**Task:**
Leave out the pictures, then return the records word for word.

···

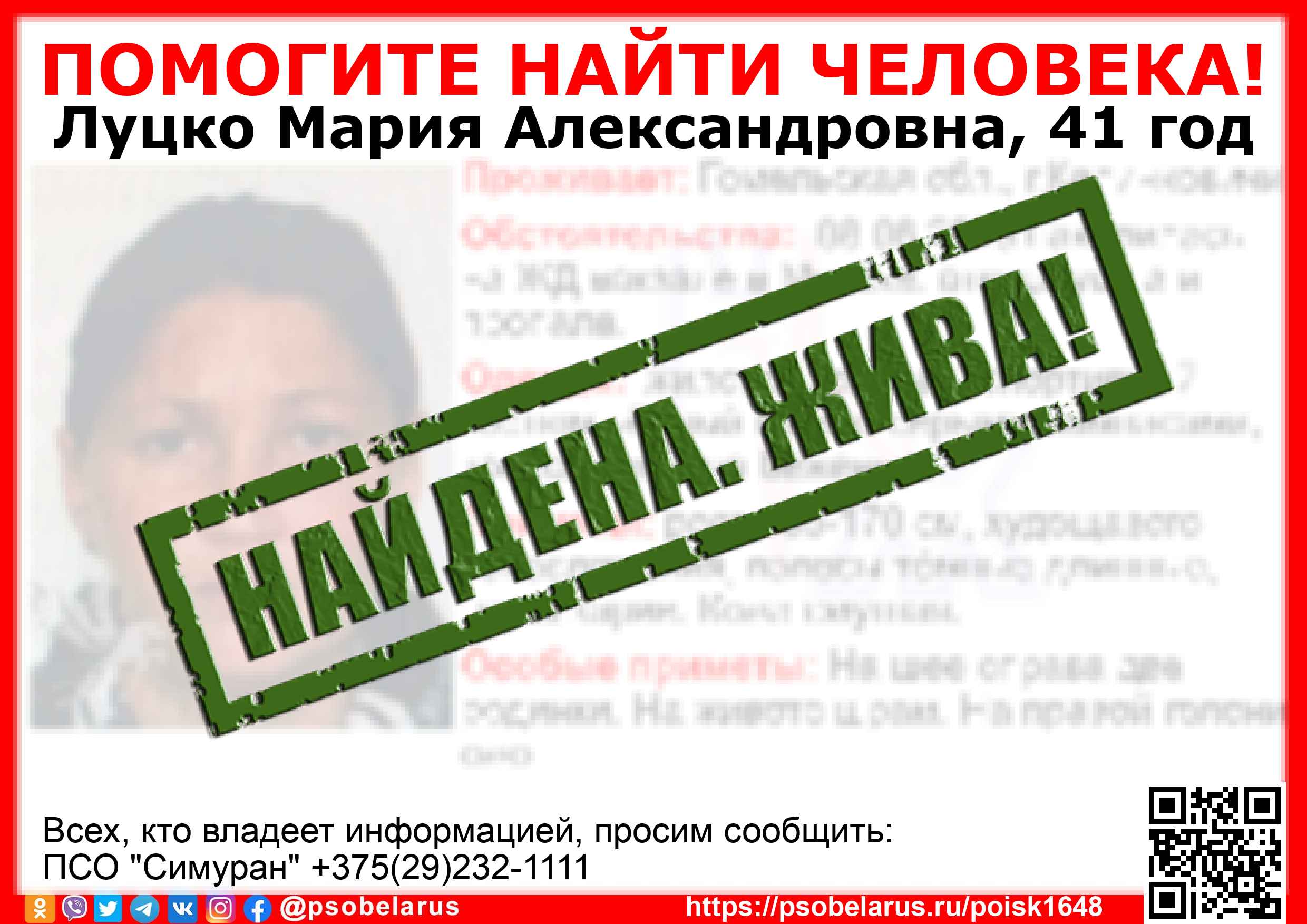 Всех, кто владеет информацией, просим сообщить: ПСО "Симуран" +375(29)232-1111 |
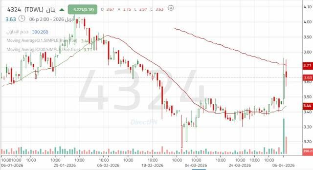 ارتداد سهم "بنان" من أدنى مستوياته التاريخية بدعم من أحجام التداول, اليوم الاثنين 6 أبريل 2026 05:24 مساءً
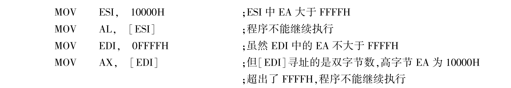 需要注意的一个问题是,在寄存器间接寻址和寄存器相对寻址这两种寻址方式中,程序员可以使用16位的寄存器寻址,也可以使用32位的寄存器寻址。当CPU工作在实地址模式的时候,段长度最大为64KB,不论采用16位寄存器寻址还是32位寄存器寻址,都必须保证CPU最终算出的EA不超过FFFFH,而且操作数最高字节单元的EA也不能超过FFFFH,否则执行寻址操作时程序将出现异常,不能继续执行。例如:
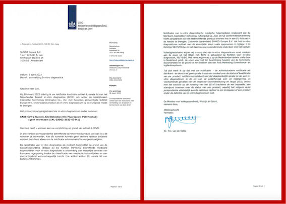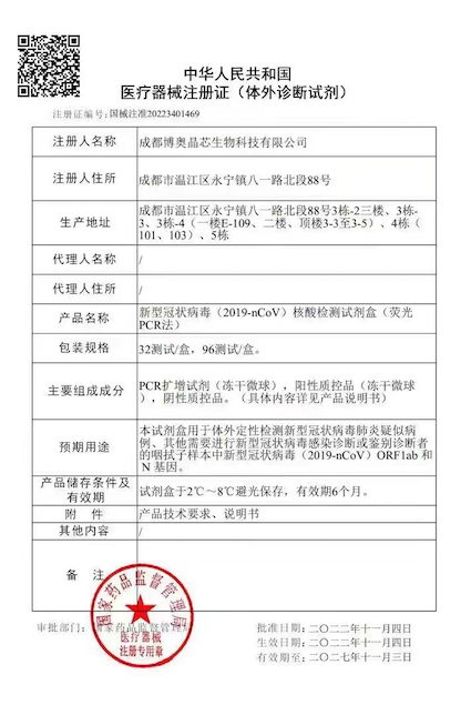 2022年11月4日,博奧晶典新冠病毒核酸檢測整體解決方案再添新成果,凍干型高靈敏度的新型冠狀病毒(2019-nCoV)核酸檢測試劑盒 (熒光PCR法)正式獲得醫(yī)療器械注冊證(國械注準(zhǔn):20223401469)。這是國家藥品監(jiān)督管理局審批通過的首個凍干型新冠病毒核酸檢測試劑盒,同時具備中國NMPA和歐洲CE“雙證”,為堅持“動態(tài)清零”,全面加強(qiáng)常態(tài)化疫情防控能力建設(shè)提供全新戰(zhàn)疫利器。
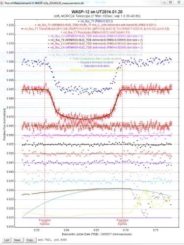 El Observatorio de San Javier puede observar y crear curvas de luz para estrellas variables mediante un proceso de dos partes. La primera parte consiste en la recopilación de datos con nuestro telescopio refractor fijo guiado para adquirir imágenes FITS mediante el secuenciador avanzado NINA y el complemento Exoplanet/Variable Star Plug-in. La segunda parte consiste en el procesamiento de los archivos de imagen para crear una curva de luz para su envío.
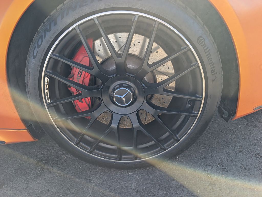 10.25" Media Display w/Central Controller, 13 Speakers, 19" AMG® Twin 5-Spoke Wheels, 4-Way Lumbar Support, 4-Wheel Disc Brakes, ABS brakes, Adaptive suspension, Air Conditioning, Alloy wheels, AM/FM radio: SiriusXM, Apple CarPlay®/Android Auto®, Auto tilt-away steering wheel, Auto-dimming door mirrors, Auto-dimming Rear-View mirror, Automatic temperature control, Black SoftTop, Brake assist, Bumpers: body-color, Burmester® Surround Sound System, CD player, Compass, Convertible roof lining, Convertible roof wind blocker, Delay-off headlights, Driver door bin, Driver vanity mirror, Dual front impact airbags, Dual front side impact airbags, DVD-Audio, Electronic Stability Control, Emergency communication system, Exterior Parking Camera Rear, Four wheel independent suspension, Front anti-roll bar, Front Bucket Seats, Front Center Armrest, Front dual zone A/C, Front reading lights, Fully automatic headlights, Garage door transmitter: Homelink, Genuine wood console insert, Genuine wood dashboard insert, Glass rear window, HD Radio, Head restraints memory, Heated door mirrors, Heated Front Seats, Heated front seats, Illuminated entry, Integrated roll-over protection, Knee airbag, Low tire pressure warning, Memory seat, Occupant sensing airbag, Outside temperature display, Overhead airbag, Overhead console, Panic alarm, Passenger door bin, Passenger vanity mirror, Perforated Nappa Leather Upholstery, Power adjustable front head restraints, Power convertible roof, Power door mirrors, Power driver seat, Power Driver Seat & Steering Column w/Memory, Power passenger seat, Power Passenger Seat w/Memory, Power steering, Power windows, Radio data system, Radio: Audio 20 - Radio w/Single CD & Bluetooth, Rain sensing wipers, Rear anti-roll bar, Rear fog lights, Rear side impact airbag, Rear window defroster, Remote keyless entry, Security system, Single DVD/CD Player, SiriusXM Satellite Radio, Speed control, Speed-sensing steering, Split folding rear seat, Spoiler, Sport steering wheel, Steering wheel memory, Steering wheel mounted audio controls, Tachometer, Telescoping steering wheel, Tilt steering wheel, Traction control, Trip computer, Turn signal indicator mirrors, Variably intermittent wipers, and Weather band radio.

···

**Response box:**
 Всех, кто владеет информацией, просим сообщить: ПСО "Симуран" +375(29)232-1111 |
 ارتداد سهم "بنان" من أدنى مستوياته التاريخية بدعم من أحجام التداول, اليوم الاثنين 6 أبريل 2026 05:24 مساءً
 需要注意的一个问题是,在寄存器间接寻址和寄存器相对寻址这两种寻址方式中,程序员可以使用16位的寄存器寻址,也可以使用32位的寄存器寻址。当CPU工作在实地址模式的时候,段长度最大为64KB,不论采用16位寄存器寻址还是32位寄存器寻址,都必须保证CPU最终算出的EA不超过FFFFH,而且操作数最高字节单元的EA也不能超过FFFFH,否则执行寻址操作时程序将出现异常,不能继续执行。例如:
 2022年11月4日,博奧晶典新冠病毒核酸檢測整體解決方案再添新成果,凍干型高靈敏度的新型冠狀病毒(2019-nCoV)核酸檢測試劑盒 (熒光PCR法)正式獲得醫(yī)療器械注冊證(國械注準(zhǔn):20223401469)。這是國家藥品監(jiān)督管理局審批通過的首個凍干型新冠病毒核酸檢測試劑盒,同時具備中國NMPA和歐洲CE“雙證”,為堅持“動態(tài)清零”,全面加強(qiáng)常態(tài)化疫情防控能力建設(shè)提供全新戰(zhàn)疫利器。
 El Observatorio de San Javier puede observar y crear curvas de luz para estrellas variables mediante un proceso de dos partes. La primera parte consiste en la recopilación de datos con nuestro telescopio refractor fijo guiado para adquirir imágenes FITS mediante el secuenciador avanzado NINA y el complemento Exoplanet/Variable Star Plug-in. La segunda parte consiste en el procesamiento de los archivos de imagen para crear una curva de luz para su envío.
 10.25" Media Display w/Central Controller, 13 Speakers, 19" AMG® Twin 5-Spoke Wheels, 4-Way Lumbar Support, 4-Wheel Disc Brakes, ABS brakes, Adaptive suspension, Air Conditioning, Alloy wheels, AM/FM radio: SiriusXM, Apple CarPlay®/Android Auto®, Auto tilt-away steering wheel, Auto-dimming door mirrors, Auto-dimming Rear-View mirror, Automatic temperature control, Black SoftTop, Brake assist, Bumpers: body-color, Burmester® Surround Sound System, CD player, Compass, Convertible roof lining, Convertible roof wind blocker, Delay-off headlights, Driver door bin, Driver vanity mirror, Dual front impact airbags, Dual front side impact airbags, DVD-Audio, Electronic Stability Control, Emergency communication system, Exterior Parking Camera Rear, Four wheel independent suspension, Front anti-roll bar, Front Bucket Seats, Front Center Armrest, Front dual zone A/C, Front reading lights, Fully automatic headlights, Garage door transmitter: Homelink, Genuine wood console insert, Genuine wood dashboard insert, Glass rear window, HD Radio, Head restraints memory, Heated door mirrors, Heated Front Seats, Heated front seats, Illuminated entry, Integrated roll-over protection, Knee airbag, Low tire pressure warning, Memory seat, Occupant sensing airbag, Outside temperature display, Overhead airbag, Overhead console, Panic alarm, Passenger door bin, Passenger vanity mirror, Perforated Nappa Leather Upholstery, Power adjustable front head restraints, Power convertible roof, Power door mirrors, Power driver seat, Power Driver Seat & Steering Column w/Memory, Power passenger seat, Power Passenger Seat w/Memory, Power steering, Power windows, Radio data system, Radio: Audio 20 - Radio w/Single CD & Bluetooth, Rain sensing wipers, Rear anti-roll bar, Rear fog lights, Rear side impact airbag, Rear window defroster, Remote keyless entry, Security system, Single DVD/CD Player, SiriusXM Satellite Radio, Speed control, Speed-sensing steering, Split folding rear seat, Spoiler, Sport steering wheel, Steering wheel memory, Steering wheel mounted audio controls, Tachometer, Telescoping steering wheel, Tilt steering wheel, Traction control, Trip computer, Turn signal indicator mirrors, Variably intermittent wipers, and Weather band radio.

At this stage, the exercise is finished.